Key Experimental Results¶
Main Results¶
| Model | Method | Extra Params ↓ | Overall Performance |
|---|---|---|---|
| MoE-LLaVA-StableLM | Vanilla | 1.24B | 57.4 |
| MoE-LLaVA-StableLM | DeRS-SM | 0.26M (↓4770x) | 57.7 (+0.3) |
| MoE-LLaVA-StableLM | DeRS-LM | 1.20M (↓1033x) | 57.5 (+0.1) |
| MoE-LLaVA-Phi | Vanilla | 2.52B | 60.8 |
| MoE-LLaVA-Phi | DeRS-SM | 1.11M (↓2270x) | 61.1 (+0.3) |
| MoE-LLaVA-Phi | DeRS-LM | 2.42M (↓1041x) | 61.0 (+0.2) |
Ablation Study¶
| DeRS Compression Config | MoE Layer Parameter Changes | Performance Impact |
|---|---|---|
| Sparsification drop=0.9 | Equivalent to 4 -> 1.4 experts | Lossless |
| Sparsification drop=0.99 | Equivalent to 4 -> 1.04 experts | Negligible drop |
| Quantization 2-bit delta | Storage reduced by \(\frac{16+4 \times 2}{4 \times 16}\)=37.5% | Lossless |
| Quantization 1-bit delta | Extreme compression | Slight drop |
Key Findings¶
- Performance does not degrade but slightly improves after dropping 90% of elements in the delta weights, demonstrating the massive redundancy of deltas.
- DeRS-SM (Sparse Matrix) remains functional at an extremely high sparsity rate (99.99%), indicating that expert differentiation requires very few parameters.

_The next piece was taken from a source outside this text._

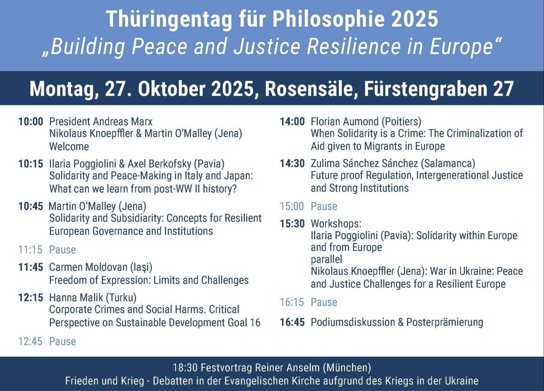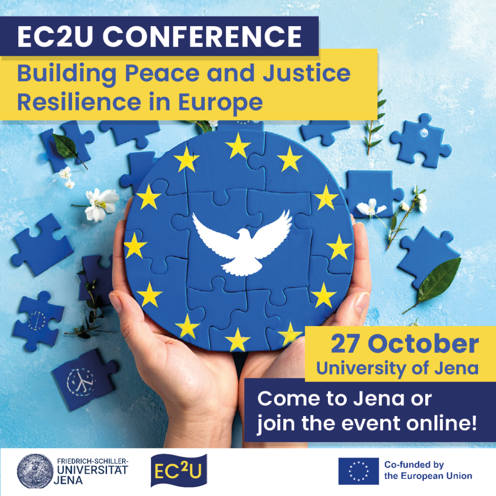 The EC2U Conference “Building Peace and Justice Resilience in Europe: interdisciplinary approaches supporting Peace, Justice and Strong Institutions” will take place on October, 27 as a hybrid event, hosted by the University of Jena and accessible online.

- DeRS Upcycling not only compresses parameters but also marginally improves performance (+0.3), potentially due to regularization effects.

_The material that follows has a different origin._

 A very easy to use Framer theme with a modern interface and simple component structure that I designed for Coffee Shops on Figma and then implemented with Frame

- Consistency is observed across three tasks (general multimodal, medical multimodal, and code generation) and six MoE architectures.
- It is equally effective on Med-MoE; the redundancy patterns of experts in medical tasks align with those in general tasks.
Highlights & Insights¶
- Exploitation of structural property unique to upcycling: Distinct from general MoE compression methods (e.g., expert pruning, expert merging), DeRS precisely leverages the shared initialization attribute of experts in upcycled MoE, rendering it an elegant, problem-specific solution.

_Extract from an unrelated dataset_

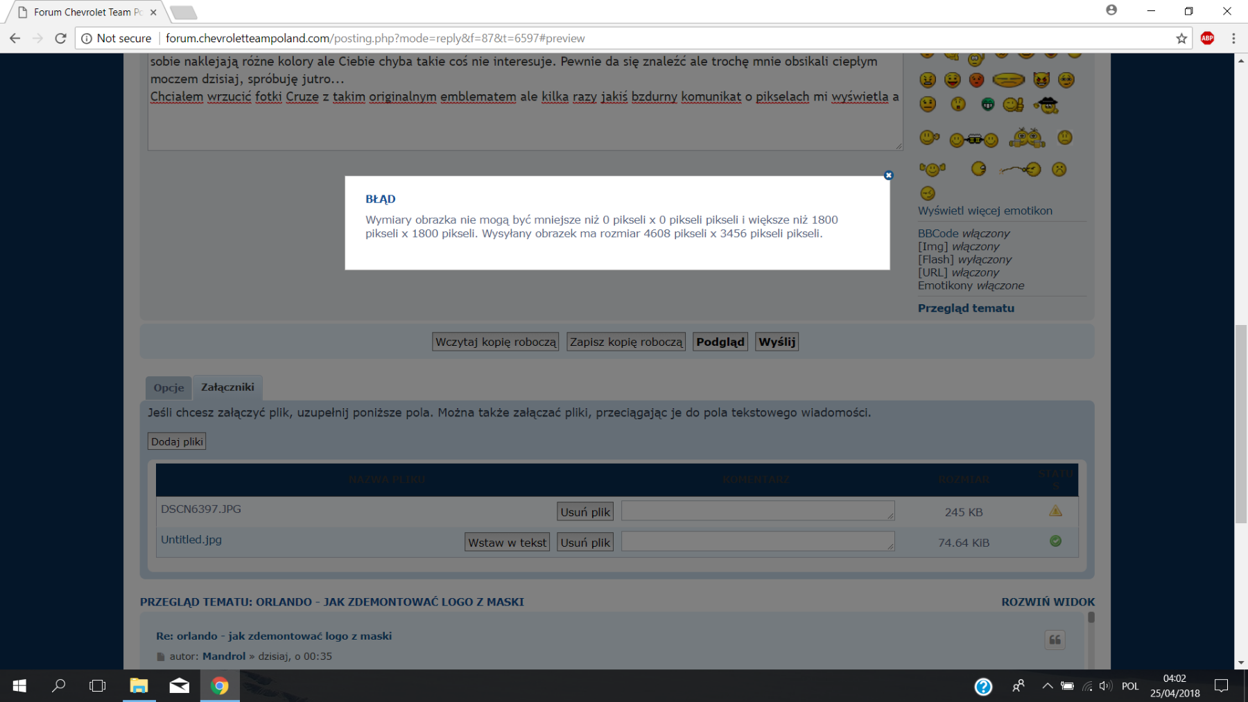 Chciałem wrzucić fotki Cruze z takim originalnym emblematem ale kilka razy jakiś bzdurny komunikat o pikselach mi wyświetla a fotka ma 245KB i 910x678 pixeli... Oszukałem gada, dało się w inny sposób

- Functioning with a 2270x parameter reduction: This striking result reveals that the information variance required for expert differentiation in upcycled MoEs is far less than commonly assumed.
- Applicability across training and inference stages: DeRS Compression (post-training compression) and DeRS Upcycling (parameter-efficient training) cover the entire lifecycle of MoE models.
Limitations & Future Work¶
- Applicable only to upcycled MoEs; it is not suitable for MoEs trained from scratch (such as Switch Transformer) as they lack shared expert initialization.
- The indices \(I_i\) of the sparse matrix are randomly fixed; exploring learnable index positions might further enhance performance.
- Online synthesis \(W_{base} + \mathcal{F}(\Delta_i)\) in DeRS Compression introduces extra computation, and its impact on inference latency is not analyzed.
- Experiments are mainly conducted on 3B-scale models; effectiveness on larger models (e.g., 70B-grade MoEs) remains unverified.
Related Work & Insights¶
- vs. LoRA: Structurally, DeRS-LM resembles LoRA. However, the core innovation of DeRS lies in first extracting the shared base and then performing low-rank adaptation exclusively on the delta, rather than direct low-rank adaptation on the entire weight.
- vs. Expert Pruning (e.g., MC-SMoE): These methods compress models by merging or pruning whole experts, which can discard expert-specific knowledge. DeRS retains all experts but compresses their differential representations.
- vs. General MoE: Experiments show that the cosine similarity of experts in upcycled MoEs exceeds 0.999, which is much higher than that in MoEs trained from scratch. DeRS specifically exploits this gap.
Rating¶
- Novelty: ⭐⭐⭐⭐ Sharp observation (cosine similarity >0.999), elegant and natural paradigm design.
- Experimental Thoroughness: ⭐⭐⭐⭐⭐ 3 tasks and 6 architectures, covering both training and compression scenarios, with highly detailed ablations.
- Writing Quality: ⭐⭐⭐⭐ Clear structure, with an intuitive "Decompose-Replace-Synthesis" taxonomy.
- Value: ⭐⭐⭐⭐ Direct practical value for upcycled MoE deployment; the 2270x compression factor is highly impressive.